Posted by on February 11, 2007, 1:24 pm


>
> Your are almost certainly having problems with a bad neutral connections
> somewhere.
>

Thanks, Joseph. It does seem to be the neutral side. Plan to get some
prfessional help.

Tom


Posted by dpb on February 11, 2007, 11:07 am


On Feb 11, 1:25 am, twillia...@rogers.com wrote:
> ...had ... random flickering of lights.
> ...[not] all circuits but consistenly affects the same
> circuit breakers...[and] moving the hot wire to a
> different breaker the flickering on a particular circuit...stop[s].
> Had an electrician in who checked the fuse panel connections and found
> nothing there. The utility co. came twice to check their connection up
> to the meter and it all looks good.
...

OK, you've isolated it to a few specific circuits and pretty
conclusively shown it to be neutral-side related as the symptoms were
alleviated by moving the "hot".

It is also pretty conclusive that it isn't the feed to the main panel
as the symptoms are isolated to individual circuits as well -- a feed
neutral problem would affect the whole house, not individual circuits
and I'd put pretty high confidence in the utility company finding
something in two visits if it were theirs.

...
> one of the kitchen split plug circuits was not wired in the same
> manner. The first plug had the red wire connected to the top
> receptacle and black to the bottom. Neutral pigtailed to the other
> side with the tab still present. The 2nd plug on that circuit had the
> red wire connected to the bottom receptacle and the black to the top.
> I reversed the wires on the 2nd plug to make it consistent with the
> first. Didn't really expect it to solve my problem but since then
> there has been no flickering on any circuits. ...

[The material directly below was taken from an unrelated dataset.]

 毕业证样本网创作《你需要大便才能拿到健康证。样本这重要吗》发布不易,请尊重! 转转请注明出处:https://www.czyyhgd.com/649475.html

This makes no sense to me as described -- that would seem to have put
two "hots" of different circuits on the same receptacle which would
have either put 240V on the outlet if fed from opposite buss or made a
dead short if the same side when breakers on. Unless one or the other
of the red or black isn't a feed but just a traveler cable and changed
wire colors -- possible, but would wonder why on an outlet? These
switched and split outlets, I presume? Maybe I'm reading your
description wrong, but something seems peculiar.

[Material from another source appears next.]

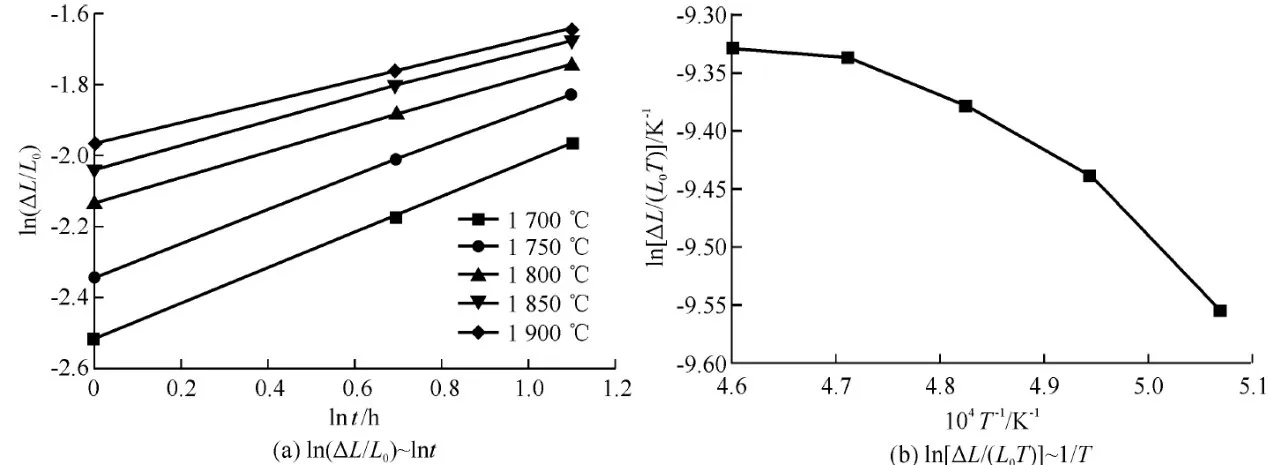 . Sintering kinetics curves for sintered magnesia: <i>L</i> is the original length of the specimen, and <i>L</i><sub>0</sub> is the length of the specimen after firing. ∆<i>L</i> = <i>L</i> − <i>L</i><sub>0</sub>, ∆<i>L</i> is the original length of the specimen, and <i>t</i> is the sintering time, and <i>T</i> is the sintering temperature.

As for the flickering apparently being resolved by the above action,
I'm guessing if it is, the supposition you made of fixing a poor
neutral connection was the problem.

I'd continue on these circuits checking connections at all locations
for good connections, particularly if any of them were wired initially
w/ the "backstab" terminations or if any of this is aluminum wiring.
If the latter, I'd get the electrician back and ask for inspection by
a pro of the quality/condition of connections.